* **What you are asked to do**
Your answer should be an exact copy of all the entries, free of pictures.

* **Material supplied**
────
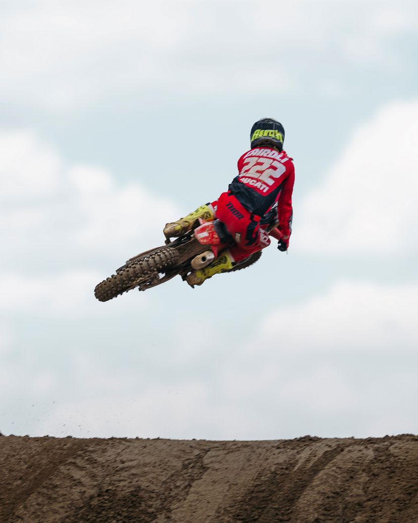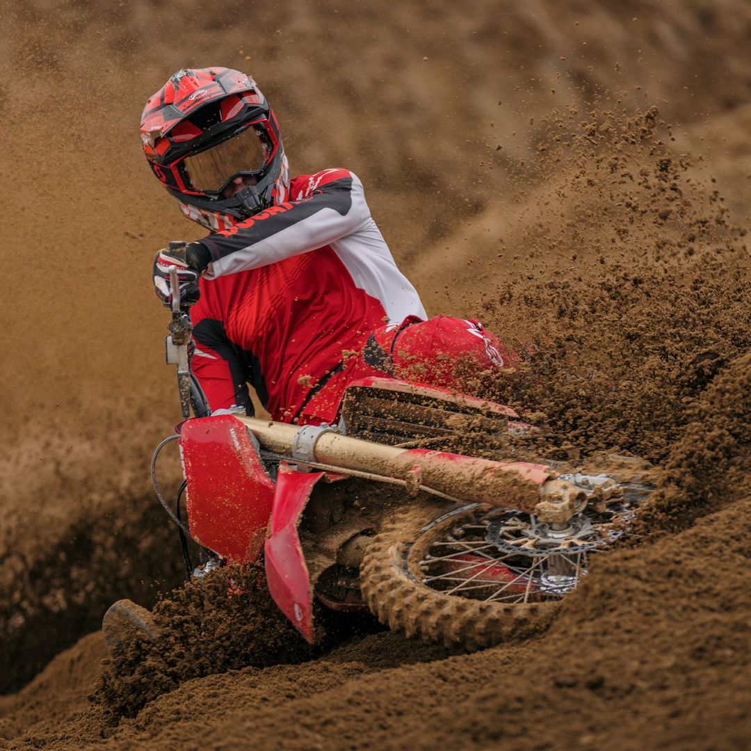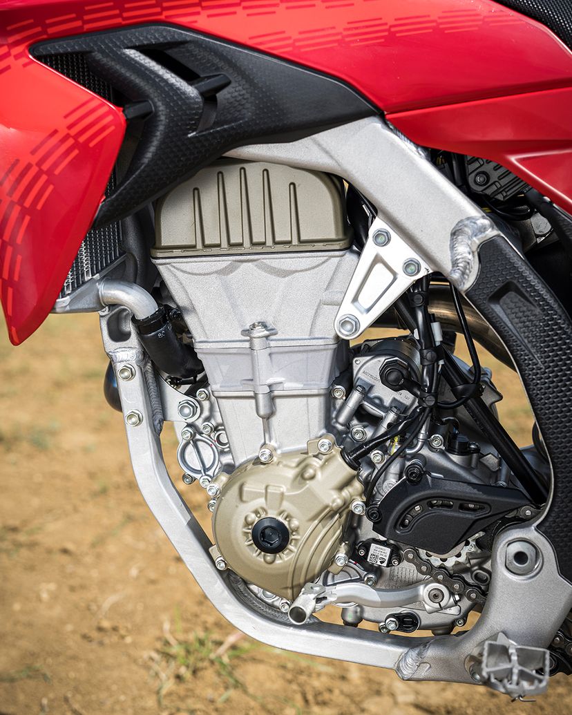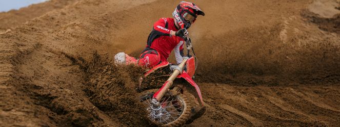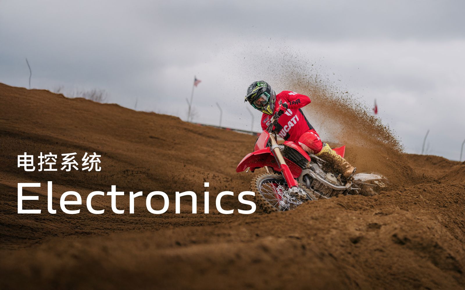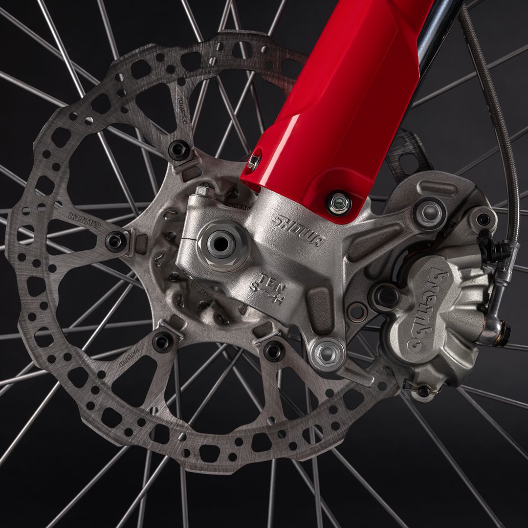 Desmo450 MX发动机是一款排量为449.6 cc的四冲程单缸发动机,配备Desmodromic系统、链条驱动的四气门双顶置凸轮轴(DOHC)以及镁合金发电机、缸盖和离合器盖。得益于Desmodromic气门正时系统,Desmo450发动机的转速可达11,900 rpm,确保起步时加速更猛、驱动更高效。Desmodromic系统无需传统正时系统中的气门弹簧,因而能实现更精准的控制,并减少摩擦损失,从而将竞赛性能发挥到极致。转速更高,动力更强,抢占领先优势胜券在握。事实上,Desmo450 MX在世界越野摩托车锦标赛(MXGP)的首秀中便两战两捷,次次拿下领先入弯的优势。
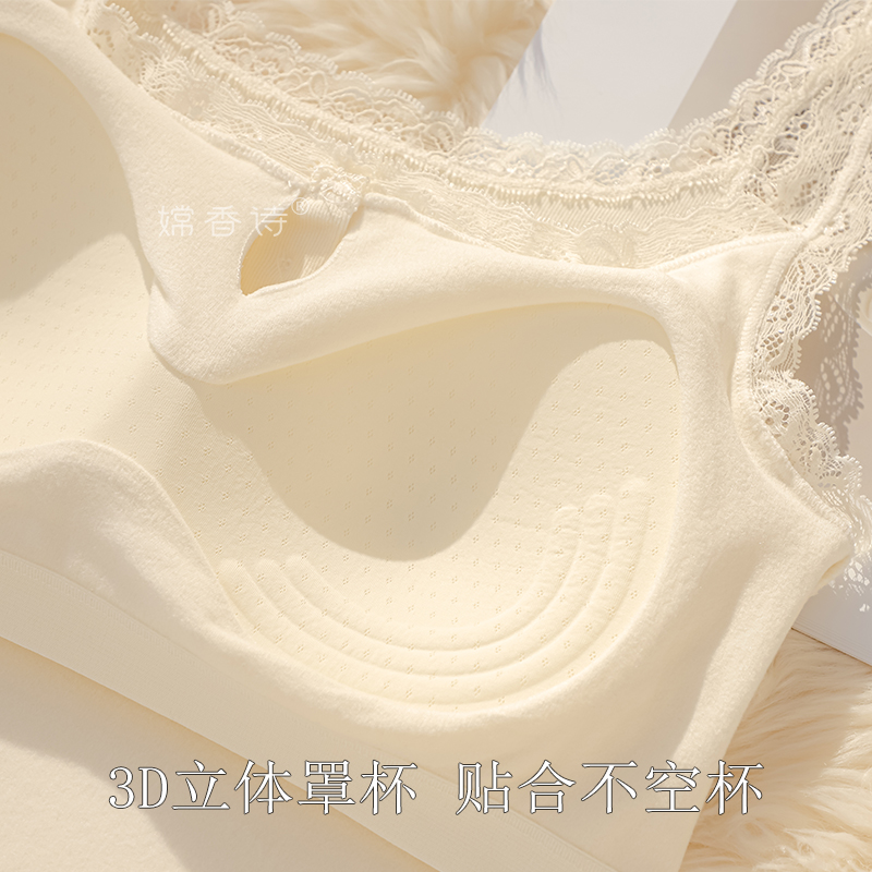 保暖背心女款 秋冬内搭蕾丝边一体免穿文胸 带胸垫吊带内衣2024新款
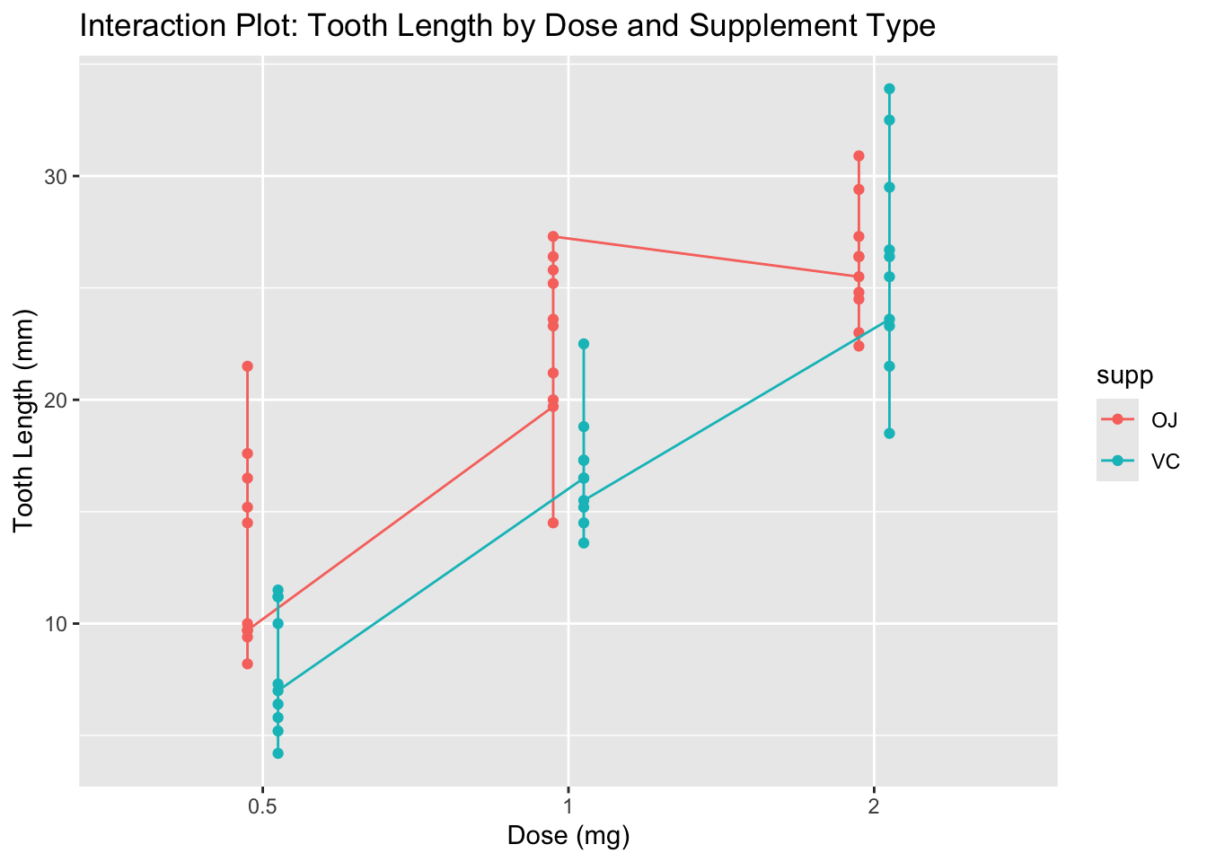 factor vs factor interaction Two factors interact when the effect of changing levels in one of the factors depends on which level the other factor has. As a made up example, suppose students are randomly assigned to study flashcards or to do practice problems in preparation for an exam. The students self-identify as having low prior knowledge or high prior knowledge before starting to study. Here is a chart giving mean scores on exam for the four groups of students.
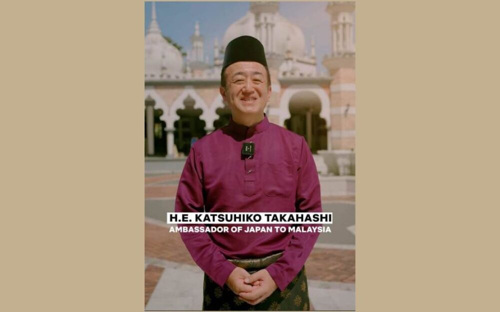 Mengenakan baju Melayu dan songkok, Duta Jepun ke Malaysia Takahashi Katsuhiko menyampaikan ucapan tulus ikhlas kepada rakyat Malaysia sempena Hari Raya Aidilfitri yang penuh keberkatan.
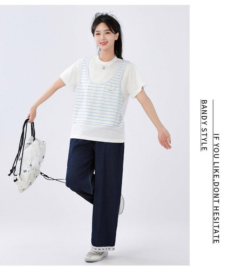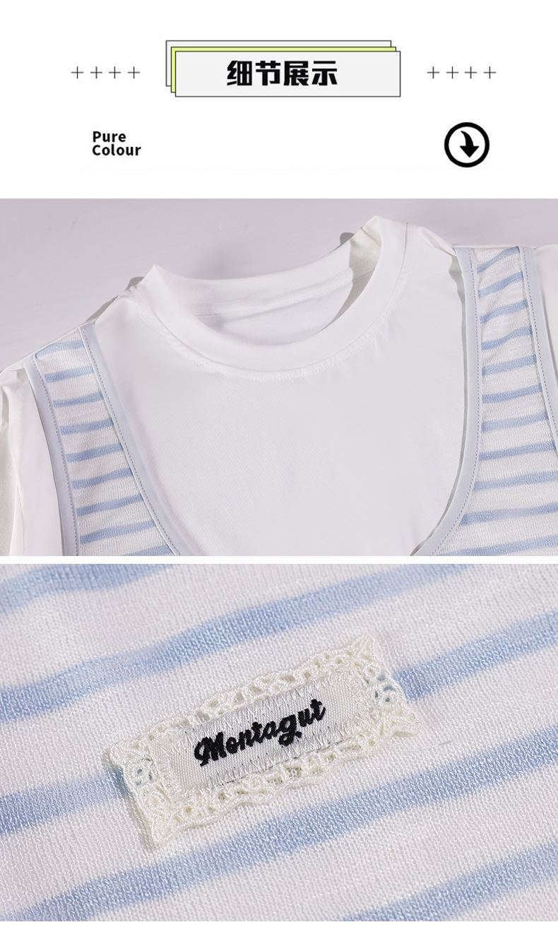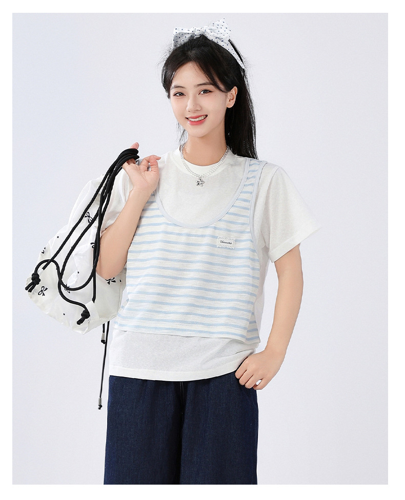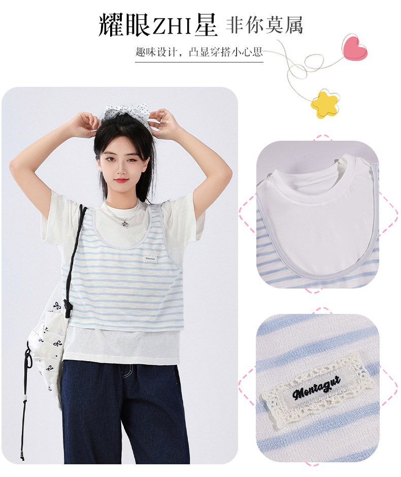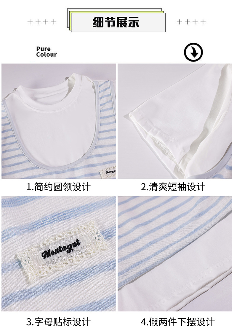 중학교 여중생 가짜 투피스 반팔 티셔츠 여름 새 스타일 큰 어린이 플러스 사이즈 느슨한 청소년과 학생 화이트스토어 가기
────
* **Solution for this exercise**
 Desmo450 MX发动机是一款排量为449.6 cc的四冲程单缸发动机,配备Desmodromic系统、链条驱动的四气门双顶置凸轮轴(DOHC)以及镁合金发电机、缸盖和离合器盖。得益于Desmodromic气门正时系统,Desmo450发动机的转速可达11,900 rpm,确保起步时加速更猛、驱动更高效。Desmodromic系统无需传统正时系统中的气门弹簧,因而能实现更精准的控制,并减少摩擦损失,从而将竞赛性能发挥到极致。转速更高,动力更强,抢占领先优势胜券在握。事实上,Desmo450 MX在世界越野摩托车锦标赛(MXGP)的首秀中便两战两捷,次次拿下领先入弯的优势。
 保暖背心女款 秋冬内搭蕾丝边一体免穿文胸 带胸垫吊带内衣2024新款
 factor vs factor interaction Two factors interact when the effect of changing levels in one of the factors depends on which level the other factor has. As a made up example, suppose students are randomly assigned to study flashcards or to do practice problems in preparation for an exam. The students self-identify as having low prior knowledge or high prior knowledge before starting to study. Here is a chart giving mean scores on exam for the four groups of students.
 Mengenakan baju Melayu dan songkok, Duta Jepun ke Malaysia Takahashi Katsuhiko menyampaikan ucapan tulus ikhlas kepada rakyat Malaysia sempena Hari Raya Aidilfitri yang penuh keberkatan.
 중학교 여중생 가짜 투피스 반팔 티셔츠 여름 새 스타일 큰 어린이 플러스 사이즈 느슨한 청소년과 학생 화이트스토어 가기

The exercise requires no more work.